JUDGMENT NO. LC/H/675/2013
---------




IN THE LABOUR COURT OF ZIMBABWE	                 JUDGMENT NO. LC/H/675/13

HARARE, 22 NOVEMBER 2013	           			     CASE NO. LC/H/387/12

AND 06 DECEMBER 2013

In the matter between:-

BINDURA UNIVERSITY OF SCIENCE EDUCATION	             Appellant

And

NORMAN HADZIRABWI							   Respondent

Before The Honourable F.C. Maxwell, Judge

For Appellant		Mr R. Gumbo (Legal Practitioner)

For Respondent		Mr A. Chambati (Legal Practitioner)

MAXWELL J.;

At the hearing of this matter I upheld the point in limine, dismissed the application and indicated that reasons would follow.  These are they.

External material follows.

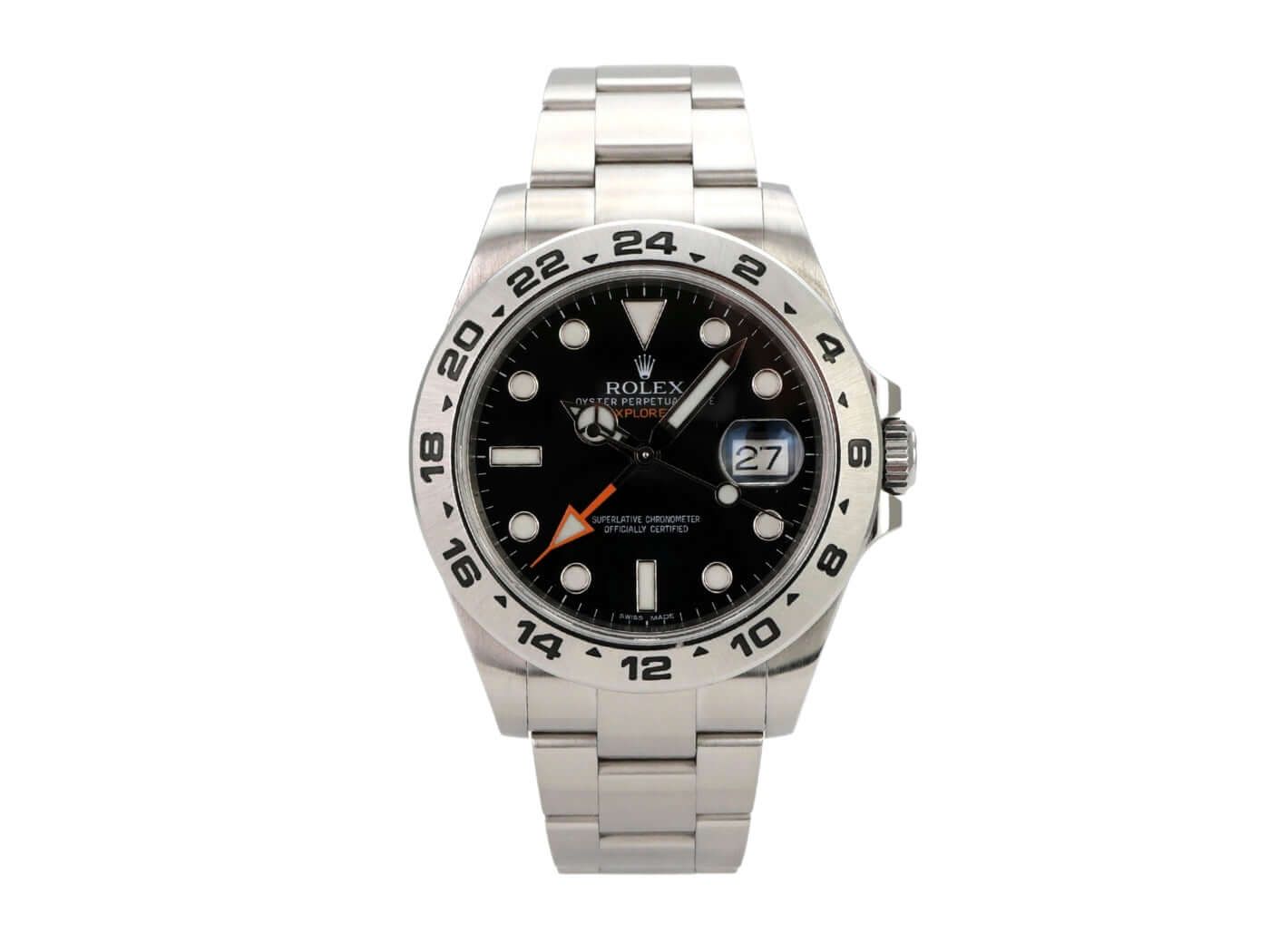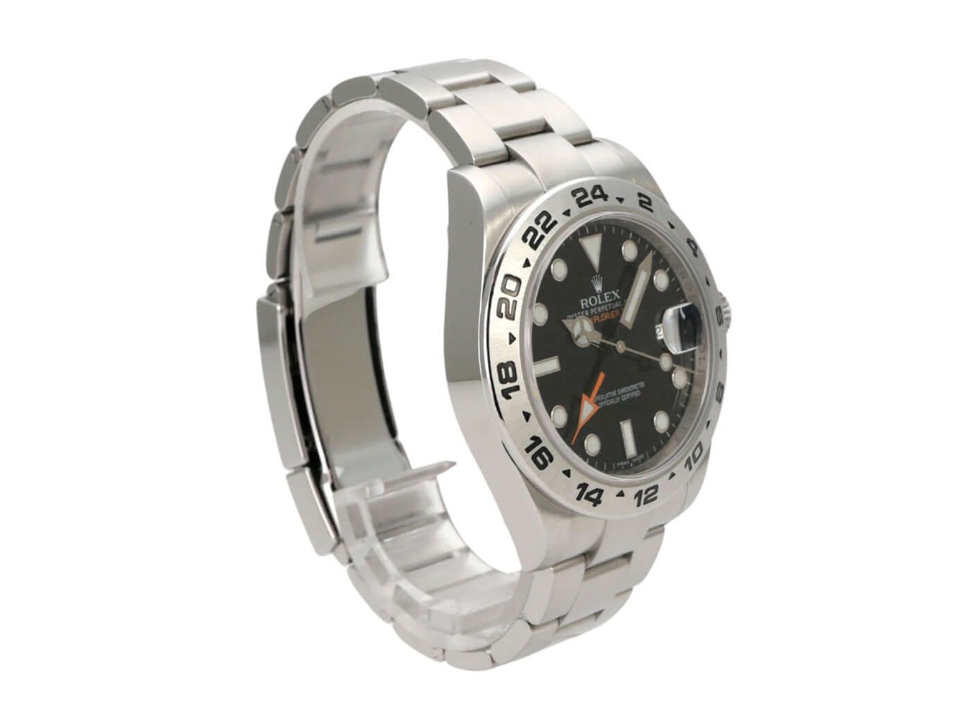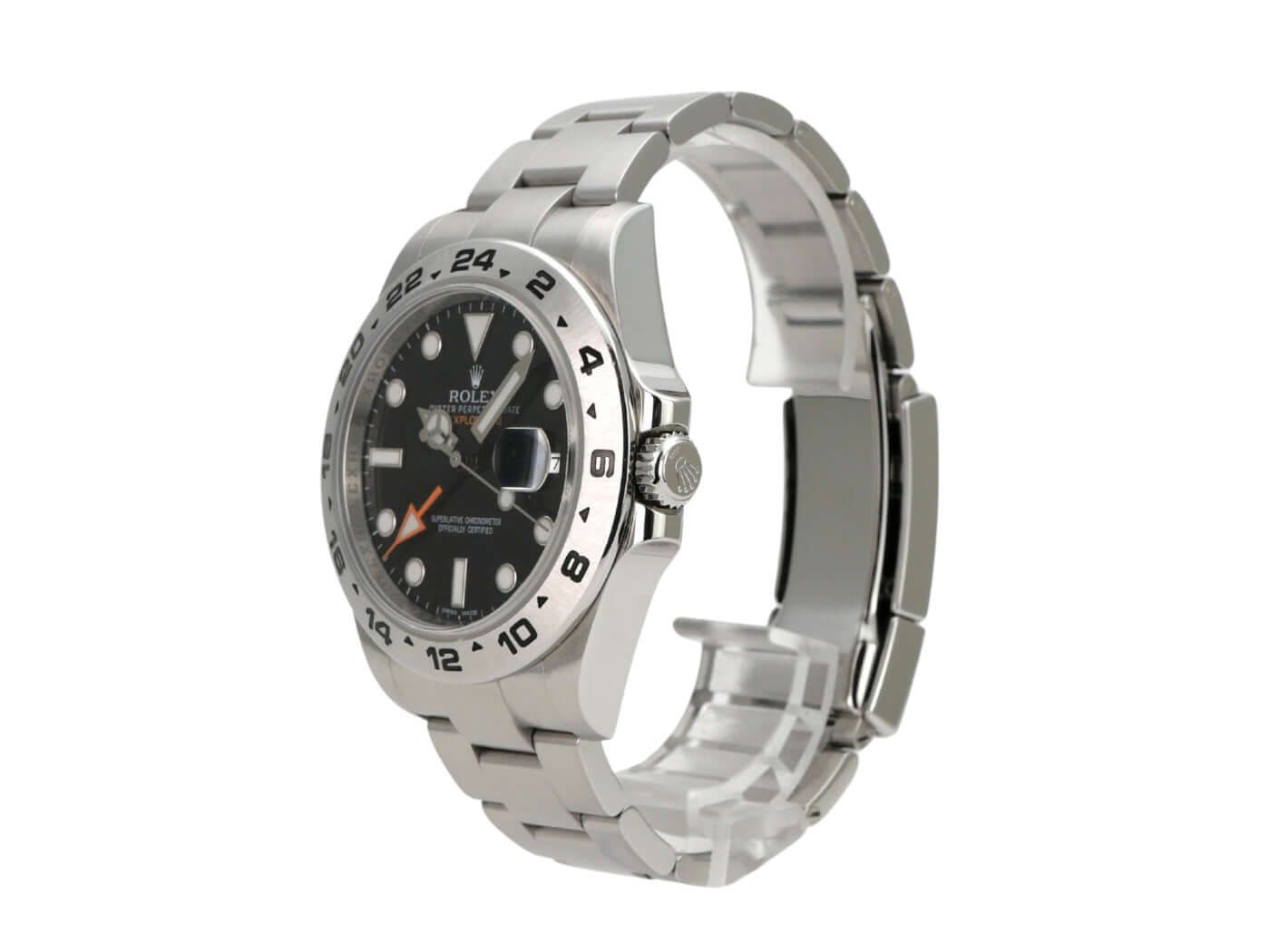 Rolex Explorer II 42 stainless steel Ref. 216570 black dialPolished and satin-finished stainless steel case, case diameter 42 mm, case height 12.5 mm, satin-finished stainless steel bezel with 24-hour scale, satin-finished Oyster stainless steel bracelet with safety folding clasp, black dial with applied luminous indices and luminous dots, luminous hands, automatic movement, Rolex manufacture caliber 3187 with 31 jewels, 28,800 A/h, date display, second time zone, chronometer, screw-down crown with flank protection, sapphire crystal, screwed stainless steel back, water-resistant up to 10 bar.

A letter dated 30 October 2003 appointed Respondent as Applicant’s bursar with effect from 1 December 2003.  The appointment was for a fixed term of five years lapsing on 30 November 2008.  At the expiry of the contract, the post would be advertised and Respondent was eligible to apply.  At the expiry of the contract Respondent remained in post.  He was subsequently made to sign several three months contracts, the last of which would lapse on 28 February 2010.

Interviews were conducted for the filling of the post.  Respondent participated in the interviews but the panelists settled on another person.  Respondent was then advised that his contract would not be renewed on 28 February 2010.  Respondent challenged his non-appointment on grounds of legitimate expectation.  The matter went for conciliation and subsequently compulsory arbitration.  The Arbitrator held that Respondent was unfairly dismissed.  He went on to order Applicant to pay Respondent a month’s pay for every completed year of service and the following outstanding terminal benefits.

payment for the 2008 and 2009 holidays as resolved on 11 March 2010.

two months notice pay in terms of section 12 (4) (b) of the Labour Act.

six months pay as damages for the unfair loss of employment.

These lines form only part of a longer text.